Mutluluk biz nerede istersek orada var

Zeynep Macit’in yazıp resimlediği, VakıfBank Kültür Yayınları etiketiyle yayımlanan “Küçük Ama Değil”, çocuklara farklı olmanın güzelliğini ve sade anlarda saklı mutluluğu keşfetmeyi anlatıyor. Macit, “Çocuklara iyi hissetmeyi, mutluluğu tek bir değişkene bağlamanın hayal kırıklığı oluşturabileceğini söylemeye çalışıyorum. Mutluluk biz nerede istersek orada var çünkü. Kendini olduğundan daha da küçük hisseden miniklere yapabilecekleri çok şey olduğunu hissettirmek hedeflerimden birisi” ifadelerini kullanıyor.

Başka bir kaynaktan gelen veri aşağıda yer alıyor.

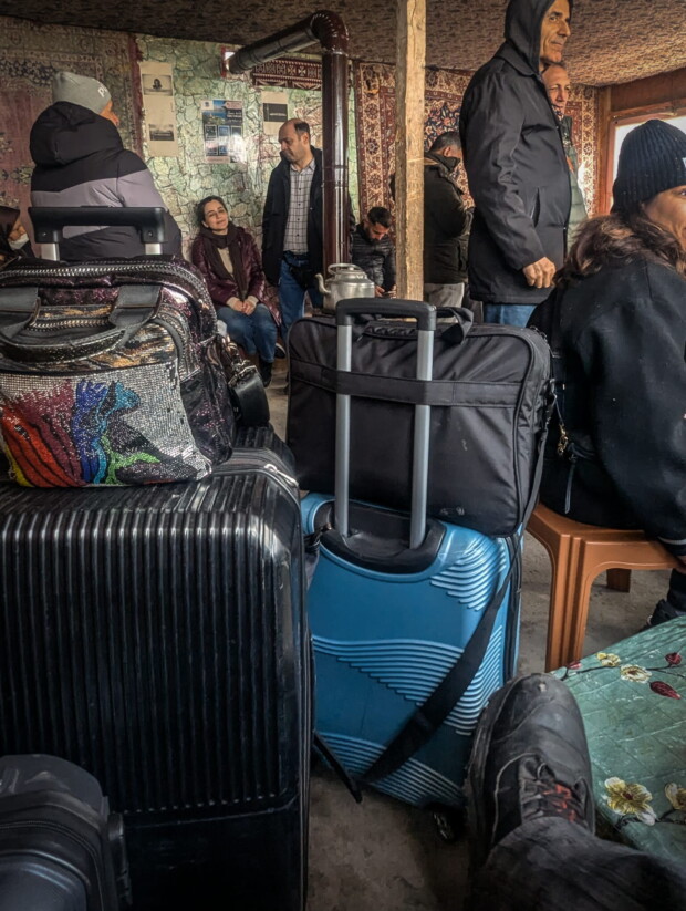 Am türkisch-iranischen Grenzübergang selbst herrscht ein gemächliches Kommen und Gehen. In der teppichbehangenen Teestube sitzt mit mir ein gutes Dutzend Reisende aus dem Iran. In der Mitte bollert ein Kanonenofen. Frauen mit Hund, Familien mit Kindern, Menschen mit schweren Taschen lassen sich zwischen Rollkoffern und Rucksäcken auf Fensterbänken oder kleinen Hockern nieder und warten auf ihre Busse oder Taxis, die draußen in langen Reihen stehen. Ist das schon der Beginn des befürchteten großen Trecks über die Türkei in Richtung Europa? Viele Frauen reisen mit ihren Müttern oder Familien, meist westlich gekleidet, oft ohne Kopftuch. Kinder laufen zwischen den wartenden Gruppen umher. In einem regelmäßigen Rhythmus, etwa alle dreißig Minuten, kommen neue Gruppen von der iranischen Seite herüber – jeweils dreißig bis fünfzig Menschen. Wer hier schon beginnt hochzurechnen, für den könne sich die Summen schnell zu einem Problem auftürmen. Aber für wen?

Zeynep Macit’in yazıp resimlediği “Küçük Ama Değil” VakıfBank Kültür Yayınları etiketiyle yayımlandı.

Etrafına bak! Herkes ne kadar farklı birbirinden.

Kimisi gölde taş sektirmeyi severken, kimisinin komik şapkaları göze çarpıyor. Bazıları kedi beslemeyi seviyor. Bazıları da küçük boyuyla büyük sandalyelerden düşüyor.

Hayatta hepsine yer var.

Sana ve bana da…

Bu kitapta kahramanımız Mini Mi çok önemli bir sorunun peşine düşüyor: Nasıl mutlu oluruz? Mutluluk bir hedef midir? Her biri birbirinden farklı minik insanların yaşadığı bir dünyada, Mini Mi adında küçük bir kahraman “mutluluk” kavramının peşine düşüyor. Zeynep Macit’in yazıp resimlediği, VakıfBank Kültür Yayınları etiketiyle yayımlanan “Küçük Ama Değil”, çocuklara farklı olmanın güzelliğini ve sade anlarda saklı mutluluğu keşfetmeyi anlatıyor.

Kendini küçük hisseden miniklere umut olmak istiyorum

Aslında bu hikâyeyi ben önce resimleriyle yazmıştım. Önce karakterleri oluşturmuştum, yaptığım resimlerin kenarına köşesine bir küçük insan ekleyip duruyordum. Böylece aklımda sürekli yer eden bir dünya haline geldi. Sonra onların büyük ağacı, sonra da aralarından bir miniğin yaşadığı problem doğdu. Bu bir farklı olma hikâyesi yine, belki çok duyduğumuz, ama soyut bir kavramın peşinden gitmek bence bu kitabı ayırıyor.

Küçükken elle tutulur bir şeyler bir anda değişirse daha iyi hissedeceğimi düşündüğüm çok an hatırlıyorum. Mutlu hissetmenin daha karmaşık ya da daha şıp diye olabileceğini gün geçtikçe daha çok tecrübe ediyorum. Bu yüzden çocuklara aslında iyi hissetmeyi, mutluluğu tek bir değişkene bağlamanın hayal kırıklığı oluşturabileceğini söylemeye çalışıyorum diyebilirim. Mutluluk biz nerede istersek orada var çünkü.

Mini Mi diğerlerinden farklı, tam da yetişkinlerin arasında bir çocuk aslında. Gündelik işlerini yapan, kendilerine alan ayıran, birçok şeyi çözmüş gözüken sözde küçük insanların arasında kendini daha da farklı hissediyor. Hayatı yeni anlamlandırmaya çalışan ve yaşadığı zorlukların çözümlerini bir türlü bulamayan bir miniğin birkaç günüyle çok bağdaşık. Kendini olduğundan daha da küçük hisseden miniklere yapabilecekleri çok şey olduğunu hissettirmek hedeflerimden birisi.

Çocuklara verilecek en değerli hediye dikkat

Mutlu olmak için bambaşka, akıl almaz olayların gerçekleşmesine gerek yok; sade, günlük hayatta sürekli karşımıza çıkan durumlar da bizi mutlu edebilir. Önemli olan bizi iyi hissettirecek o sadelikleri bulabilmek demeye çalışıyorum. Bu, kitapta da gösterdiğim gibi, komik şapkalar dikmek ya da gölde taş sektirmek olabilir. Belki bunu biraz materyalist düzenden uzaklaşma ve içsel tatmin üzerine düşünme olarak okuyabiliriz. Özellikle etrafında çok fazla değişken ve uyaran olan dönem çocukları için bu yönlendirmelerle okunabileceğini düşünüyorum.

Hayatın hızlı akışında çocukların ufak değişimlerini gözden kaçırabiliyoruz. Belki dikkat etmediğimiz benlik düşünceleri travmalara sebep olmuyor ama hayata bakışlarını kesinlikle şekillendiriyor. Çocuklarla bu yüzden sürekli sohbet etmeyi çok önemsiyorum. Özgüven inşası çok küçük yaşlarda başlıyor ve en büyük destekçileri en yakın yetişkinler olmalı. Dünyalarını genişletecek, ‘büyük’ bakmalarına vesile olacak kişileriz. Onlara verebileceğimiz en büyük şey dikkatimiz ve alakamızdır.